Building Language Models for Low-Resource Languages
As the capabilities of language models continue to advance, it is conceivable that "one-size-fits-all" model will remain as the main paradigm. For instance, given the vast number of languages worldwide, many of which are low-resource, the prevalent practice is to pretrain a single model on multiple languages. In this paper, the researchers introduce the Sabiá: Portuguese Large Language Models and demonstrate that monolingual pretraining on the target language significantly improves models already extensively trained on diverse corpora. Few-shot evaluations on Poeta, a suite of 14 Portuguese datasets, reveal that the models outperform English-centric and multilingual counterparts by a significant margin. The best model, Sabiá-65B, performs on par with GPT-3.5-turbo. The study shows the benefits of domain-specific knowledge acquired through monolingual pretraining.
If you are interested in building language models for low-resource languages, here are some steps you can follow:
- Check Arxiv for papers on foreign language datasets. There are often publications related to NLP tags that cover languages from Europe, Africa, and the Middle East.

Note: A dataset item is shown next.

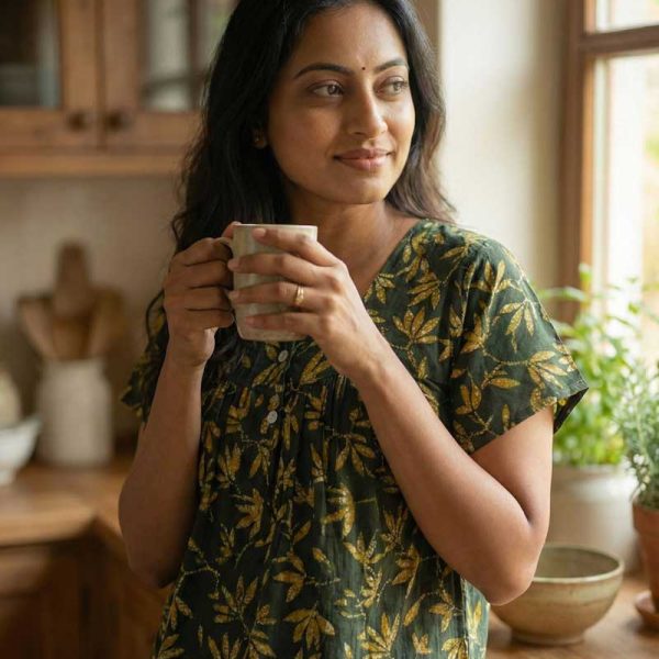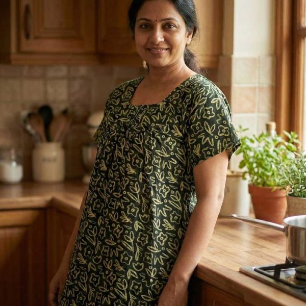 Front Open Cotton Nighty With Buttons, 55 Inches Long – Dark Green

- For "rare" languages, you can start with a multilingual language model (LLM) and fine-tune it. Facebook has released several 100+ language LLMs that can serve as a base point.
- Look for conferences and workshops on "low resource languages" if you are working with languages that have fewer than 1 million speakers globally. These events are common at large NLP conferences.
Aya is a multilingual LLM initiative by Cohere for AI, and they are currently looking for contributors from around the world. You can learn more and start contributing in your language here.
Getting more data is often the most straightforward solution for improving language models. Organizing, sourcing, and creating datasets have been instrumental in advancing AI research. Dataset building has had a significant impact, such as the creators of ImageNet, who contributed more to computer vision advancement than individual architectures or methodologies.
Open-source multilingual models like this one can be explored, although their compatibility with specific languages needs to be verified.
It's encouraging to see the demand for language models in low-resource languages. Researchers are actively working on finding solutions and improving LLMs for languages with fewer resources. Collaboration and efforts in this area will continue to be relevant and impactful.